Harare - After a busy day trying to survive Zimbabwe's economic crisis, Jeffrey Ndoro likes to relax after work with a beer.
Even with inflation spiralling out of control, beer had been comparatively cheap before a price crackdown by President Robert Mugabe's government caused supplies to dry up.
"Of all the things, you can't find beer - this is too much," said Ndoro, sipping a soda at his drinking spot, the Chelsea Pub.
Ndoro is left with few alcoholic options. A shot of imported whisky, for example, is far too expensive.
Zimbabweans have been struggling with severe shortages of fuel, food and foreign currency, and now the few pleasures of life are rapidly disappearing.

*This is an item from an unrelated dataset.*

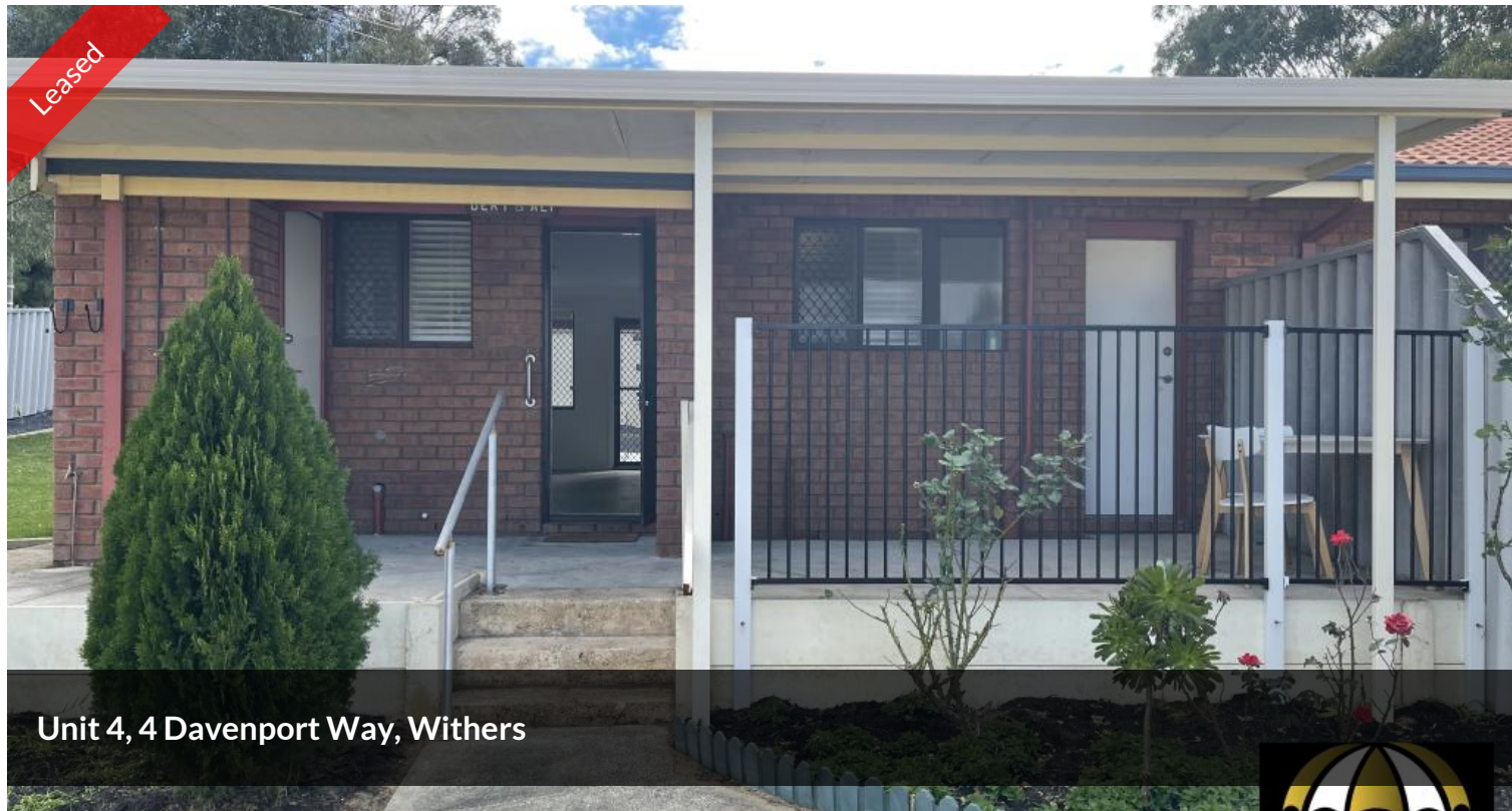
Unit 4, 4 Davenport Way, Withers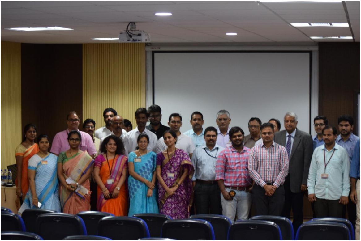
A group photo of Faculty Members, President, General Secretary of Vignana Jyothi and Principal along with Alumni Entrepreneurs on 23-09-2017.

Mugabe has warned businesses they will face dire consequences if they ignore his price-capping campaign, another bid to tame the world's highest inflation rate that has cut supplies of maize-meal, milk, sugar and meat.
Police have targeted more than 7 500 business people and companies for overcharging and Mugabe has vowed to escalate the crackdown, launched in June.
The shortages of basic goods have increased the misery of Zimbabweans struggling with crumbling sewers, water and electricity cuts, and rising unemployment.
In poor townships, where the majority of urban residents live, beer shortages are severe and liquor stores, normally a hive of activity, now close early.
At a beer outlet in central Harare, the owner sat on an empty freezer reading a newspaper. He was frequently interrupted by customers inquiring about beer. He told them the last delivery was six days ago.
Across town, employees were forced to close a liquor store which had beer, after being overwhelmed by a large crowd. In the end beer was rationed to two per customer.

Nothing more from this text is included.